Scott Bigelow | 910.521.6351 | firstname.lastname@example.org
University Communications and Marketing
Tuesday, April 2, 2013
UNC Pembroke celebrated 45 years of Pembroke Magazine on March 19 with a reading by Lumberton author Jill McCorkle from her new novel and a fundraising dinner.
The 45th annual edition of UNCP’s literary journal was unveiled by editor Jennifer Pitchford. Former editor of 30 years, Shelby Stephenson, entertained with music and poetry from his upcoming book of poetry.
McCorkle, who was the featured author in Pembroke Magazine No. 34, read from her fifth novel, “Life After Life,” during an afternoon session attended by an overflow crowd of students, faculty and community members. The book goes on sale March 26.
It was a hometown audience for McCorkle, who recognized former teachers and neighbors, colleagues, relatives and friends.
“There aren’t too many times in life you can go some place where you bump into so many parts of your life,” McCorkle said. “My visits to this university have always meant so much to me.”
McCorkle has won numerous awards for her 10 books that include five novels and five collections of short stories. In 1984, her first two books, “The Cheerleader” and “July 7th,” were published on the same day, and the New York Times Review of Books hailed her as an heir to new Southern literature.
McCorkle read passages from her newest book that outlined some of the main characters. The audience laughed often and applauded vigorously. Students, some clearly aspiring writers, had many questions.

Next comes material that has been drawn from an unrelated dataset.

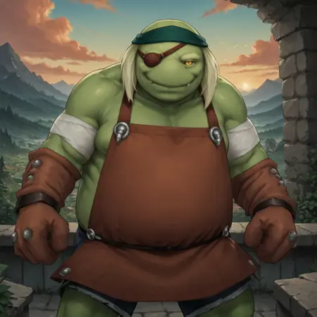 트리거 단어: Trollsmith, 몬스터, 트롤, 색깔 있는 피부, 녹색 피부, 흰 머리, 머리띠, 탈모, 안대, 앞치마, 붕대, 장갑, 반바지,

McCorkle discussed her craft and addressed being a Southern writer in the framework of growing up in a small community.
“Young writers are looking everywhere but in their own backyards,” she said. “The trademark of my fiction is the small town microcosm. Growing up in a small town, you get a sense of what society is all about.”
Despite many years in Boston, McCorkle said the constants in her life and fiction are the Lumber River, Green Swamp and Interstate 95. The author confessed that her stories are set in Lumberton, but “I took the liberty of moving it 30 minutes closer to the beach.”
“Life After Life” is McCorkle’s first novel after several short stories collections, but she has been writing it most of her adult life.
“This is the novel I’ve always wanted to write,” she said. “I had written the end seven years ago, and the oldest sections are 12 years old. It feels good to work on a novel.”
Set in an assisted living facility, “Life After Life” is about the “last frontier of life,” she said. “It’s about respect for life that it’s not over till it’s over, and I hope it’s uplifting.”
To questions about writing, McCorkle said she finds inspiration in conversations and in the middle of the night too.
“Notes, notes, notes. They are part of your writing life too,” she advised. “If I have an idea, I write it down. Then, I start writing until it takes me back to that feeling.
Shelby Stephenson with wife Linda
“I usually know where I’m going when I sit down to write,” McCorkle said. “I visit, listen and take notes.
“I was visiting my mother, who is in an assisted living facility, and somebody mentioned men,” she said. “One of the ladies said, ‘Men? I’d forgotten all about men.’ I couldn’t get back to the car fast enough to write that down.”
Now teaching at NC State University, McCorkle has taught creative writing at Harvard, Tufts, UNC-Chapel Hill and Brandeis. She talked about student writing and the art of telling stories.
“I’m open-minded in my writing classes, as long as it works,” she said. “One of my students came up to me after class and said ‘I’m afraid this is going to shock you.’ I said, ‘I certainly hope so.’
“A couple of years ago, I had one vampire and zombie story too many,” McCorkle laughed. “What I wouldn’t give for an old-fashioned story about losing your virginity.
“I believe a short story should surprise you,” she said. “But if your character escapes by dematerializing under a door and rematerializing on the other side as a werewolf?”
In “Life After Life,” McCorkle’s characters are quirky, crisp and colorful. Her characters also come equipped with the wisdom that comes with age.
“With age, I may be able to look back with the wisdom of hindsight,” she said. “There is a freedom that comes with being older. This novel is very much about memory.
“Life is a lot of small things, not a few big ones,” she continued. “I see a whole lot of patterns.”
At dinner, McCorkle was in the familiar company of former Pembroke Magazine editors, Stephenson and Jennifer Key and new editor Jessica Pitchford. Also in attendance was retired UNCP English professor Joe Mandel, who edited the Jill McCorkle issue in 2002.
“Pembroke Magazine is one of the longest running literary journals and this one has done well,” said dinner host Dr. Richard Vella, who has been a member of the faculty almost since its inception in 1969.
Stephenson closed the evening with a rendition of “Amazing Grace.”